Google confronted an existential threat Monday as the U.S. government tries to break up the company as punishment for turning its revolutionary search engine into a ruthless monopoly.
The drama will unfold in a Washington courtroom over the next three weeks during hearings that will determine how the company should be penalized for operating an illegal monopoly in search. In its opening arguments, federal antitrust enforcers also urged the court to impose forward-looking remedies to prevent Google from using the same strategies to build an AI monopoly.
“This is a moment in time, we’re at an inflection point, will we abandon the search market and surrender them to control of the monopolists or will we let competition prevail and give choice to future generations,” said Justice attorney David Dahlquist.
The U.S. Department of Justice is asking a federal judge to order a radical shake-up that would ban Google from striking the multibillion dollar deals with Apple and other tech companies that shield its search engine from competition, share its repository of valuable user data with rivals and force a sale of its popular Chrome browser.
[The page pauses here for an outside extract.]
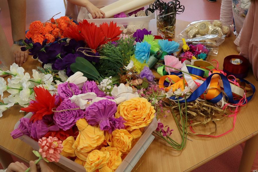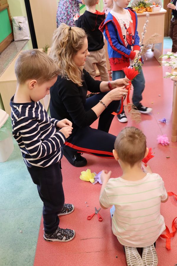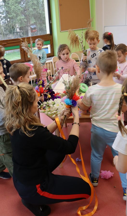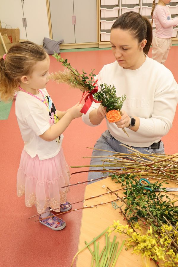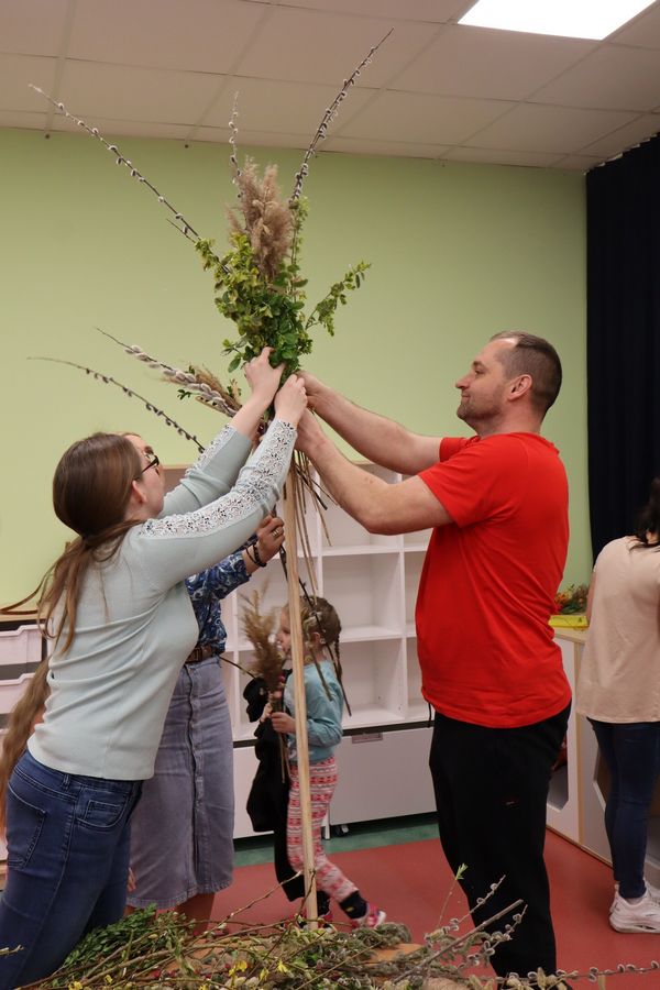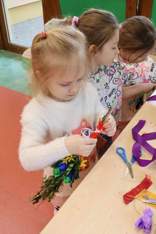 9 kwietnia w naszym przedszkolu odbyły się Warsztaty Wielkanocne. Dzieci, przy pomocy rodziców i nauczycieli, z zaangażowaniem tworzyły swoje palmy wielkanocne. Rodzice przygotowali również palmę na konkurs parafialny do naszego kościoła. Serdecznie dziękujemy wszystkim rodzicom za przyniesione materiały oraz aktywny udział w warsztatach. Dzięki Wam atmosfera była pełna radości i przedświątecznego ciepła.
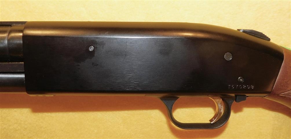 MOSSBERG 500A IN 12 GA CAL., WITH 28" BARREL. COLOR BLUE. CONDITION 96%. SERIAL NUMBER DTB6539. MOSSBERG MODEL 500A PUMP IN 12 GAUGE CALIBER, TWO BEAD VENT RIB IMPROVED FIXED CHOKE BARREL WITH A MIRROR BORE, STOCK AND FORE ARM EXCELLENT, 96% LIKE NEW OVERALL CONDITION, OUR STOCK # D3076. OUR OLD STOCK # YA14091

Google attorney John Schmidtlein said in his opening statement that the court should take a much lighter touch. He said the government’s heavy-handed proposed remedies wouldn’t boost competition but instead unfairly reward lesser rivals with inferior technology.
“Google won its place in the market fair and square,” Schmidtlein said.
The moment of reckoning comes four-and-half-years after President Donald Trump’s first administration filed the case against Google.